What, like mine and burn coal, drill for and burn oil, etc? Show me the breakdown on deaths/injuries from nukes vs the Gigawatt output and the similar figure for fossil fuels, and just perhaps I’ll be a convert. Then, and this will prove more difficult, show me the number of lives saved by access to power. Actually, don’t bother, I know the answer to that, and I’m siding with the nukes.

As Machiavellian as it may sound, I’d like to see what you think is a “reasonable breakdown” on what could be the worst case toll from the Fukushima farkup relative to the tsunami/earthquake.

Wow, I honestly didn’t expect you to step fully into cloud cuckoo land, but there it is. I almost feel sad a certain former poster is too busy keeping, funnily enough, real Rascals from his door to get on here and sort you out! :laughing:

HG

:smiley:

You are wasting your breath, Sir…

Just musing here.

Somewhere back there I posted something about the need for a change of ethical game plans if the powers that be want the thing to be more palatable to the public.

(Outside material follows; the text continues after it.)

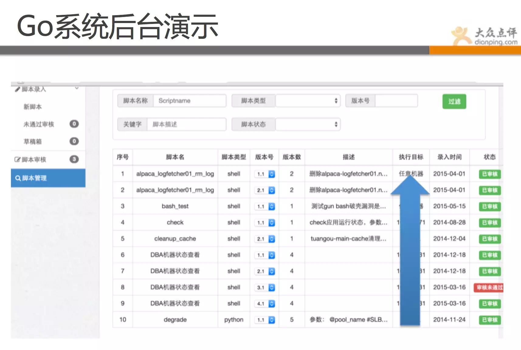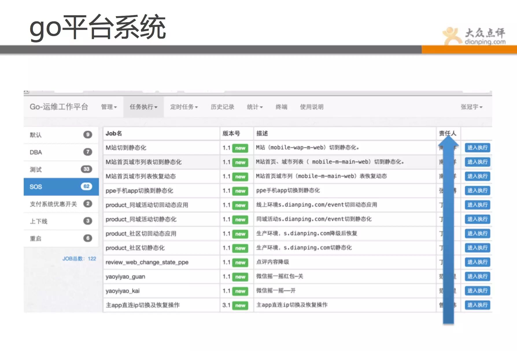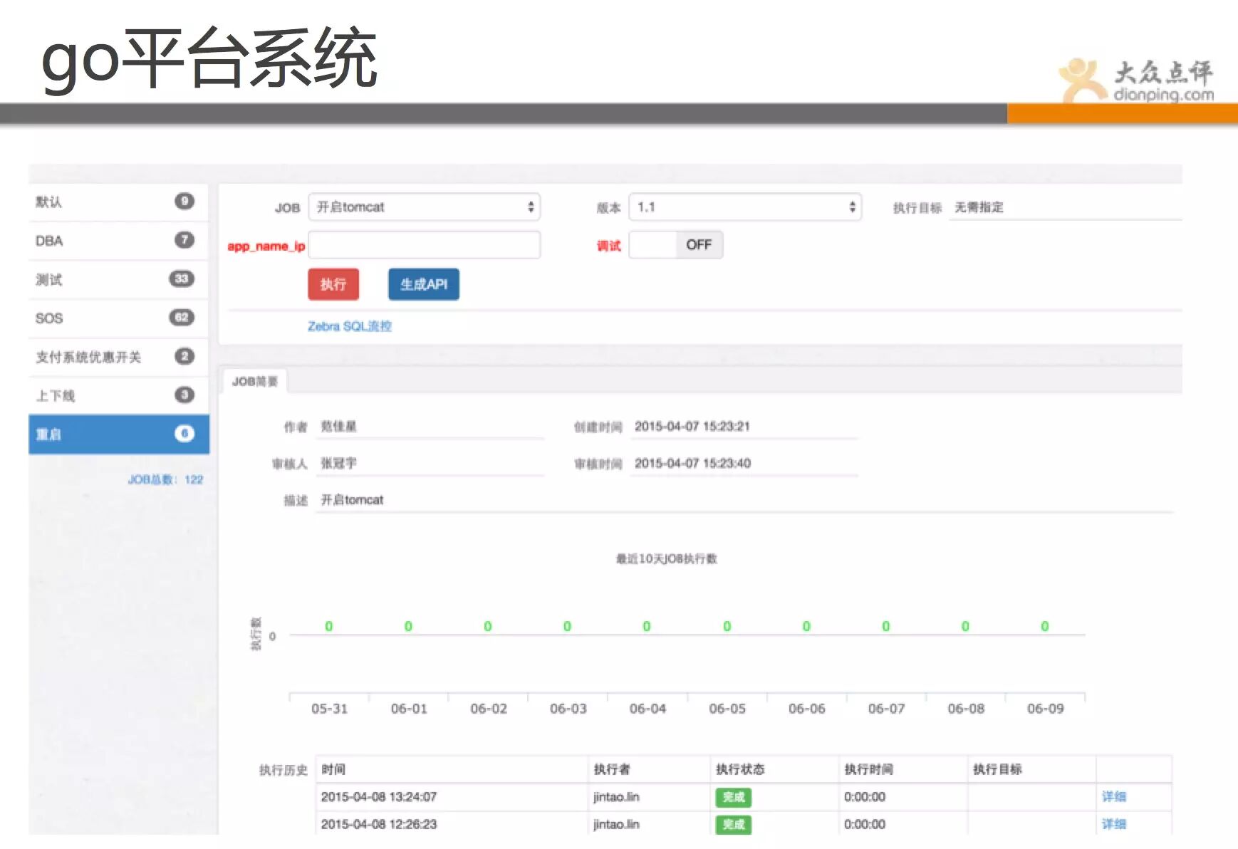 该系统主要是解决运维水平参差不齐,工具又各有各的用法,比如说批量重启操作,有用ssh、有用fabric、有自己写shell脚本的。 干脆直接统一,进行规范,定义出来操作,通过平台化进行标准化。 由于长时间不出问题,偶尔出一下,运维长时间不操作,找个批量重启脚本还要找半天。 哪些不能自动化的,我们基本都做到go里了,在这里基本都是一键式的傻瓜操作了。

When something powerful sounds like nonsense even when thoroughly explained (and some kinds of science used to sound like nonsense even to some scientists), but is nonetheless powerful, then it resembles magic. Nuclear energy, unlike older forms and older technologies, resembles magic, the supernatural, in the eyes of many people. Now, they might not admit to that if you were to ask them about it, but something like that is going on in their heads. Nuclear physics and nuclear engineering ain’t exactly the most intuitive things in the world.

When something goes wrong with nuclear power, it resembles bad magic. Also, people feel betrayed: “You told us angels were going to intervene for us, but we see devils instead.” If the powers that be don’t like that, they’d better acquire the habit of explaining things accurately, objectively, and in detail, and they’d better tell the whole, unvarnished truth, including possible pitfalls, and not stint anywhere, even if the whole truth adds to people’s fears, and let people judge for themselves, and let the chips fall where they may.

In aid of industry ethics, I think people will need to become considerably more educated about this stuff (including me, of course), and early on in their lives when possible, so that they can bust those industry guys if they try to bulls*** about something, and so they will be at lower risk of having unfounded fears. I beg you to note that I did not say propagandized or subjected to a sales pitch.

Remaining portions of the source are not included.